Nissi was a challenge, a battle to be waged (and won); the real point wasn’t building a hotel, it was waging the battle. It makes no difference what you do, says Kikis, banging on the table as he warms to his theme. You might own a restaurant – so you say “I’m going to make everyone in Ayia Napa talk about my restaurant… And I want to make the best moussaka. Moussaka is the target. Making it the best restaurant in Ayia Napa is the vision”. But then you also have to check every plate of moussaka as it leaves the kitchen, he explains, and invest in a chef from Greece to come and teach your chefs some new tricks – then, once the target is attained (but not before!), you add what he calls “a revolution”, to get people talking. It’s an art, like the art on his walls; the art of conceiving an idea, then making it happen.

Kikis Constantinou has always had vision. His whole life has been shaped by a vision, a half-shaped thought in the mind of a young boy, a mix of inspiration and personal choice.
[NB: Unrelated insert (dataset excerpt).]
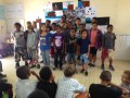 Accueil et interview par les élèves de la classe de CM2 de Loric Toukio, parenthèse poétique avec les CM1/CE2 de l’école puis enchantement à la maternelle avec les élèves de maîtresse Mauricette qui ont présenté à l’auteure un album par le biais du tableau blanc interactif.

What would’ve happened if he’d never gone on that hiking trip, never seen the idyllic spot by the sea – never forged the bond with a small fishing village that remains, all these years later? He’s extremely sensitive, he tells me, and will often feel hurt by the most insignificant things – yet “if Akel comes and says ‘Why are you giving awards to an Eoka B member?’, that doesn’t hurt me. You know what would hurt me? If even one person were to say ‘This man has done nothing that deserves an award. He hasn’t done anything for Ayia Napa’. But no-one would dare to say that”.

The past few years have been good (I suspect) for his conscience, bringing real culture to Napa and making it a little less tacky; Covid may also turn out to be an opportunity (the jury’s still out), curtailing the old mass-tourism model and forcing the resort to remake itself. Either way, however, he’s devoted to the place. Does he regret the excessive development?
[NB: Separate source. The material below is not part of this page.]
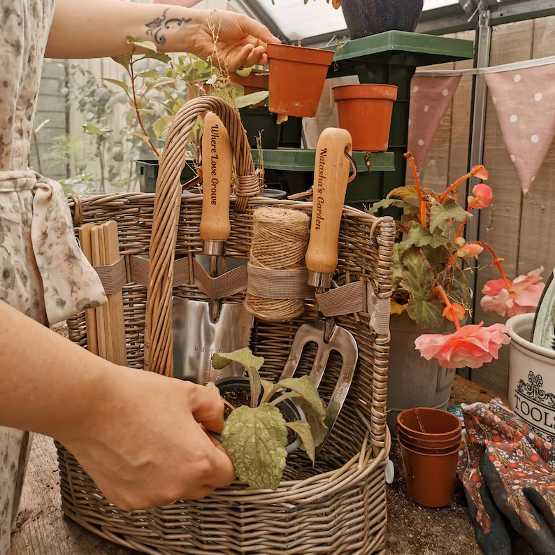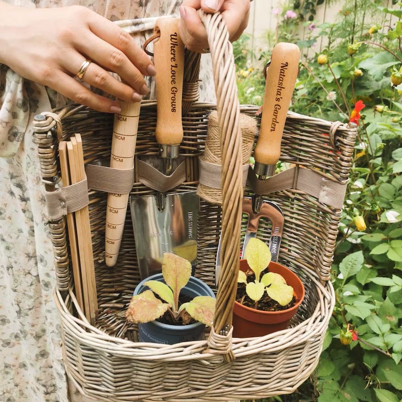 Personalised Gardening Tool Set Willow Trug, Fathers Day Garden Gift Set Birthday Present Basket Gardener Retirement Gift, Mum, Grandad Dad

“I regret it without meaning that I reject it. OK, mistakes were made – but no-one can ignore the miracle that took place here either, given the circumstances under which it took place… As I often say, the perfect shouldn’t become the enemy of the good”. He was part of that miracle, indeed he contrived it. I leave him in the house just a few miles from Nissi Beach – and all the other Nissi Beaches that came after – surrounded by his art collection, and his dogs, and the TV always on, and the long-neglected piano “to remind us”.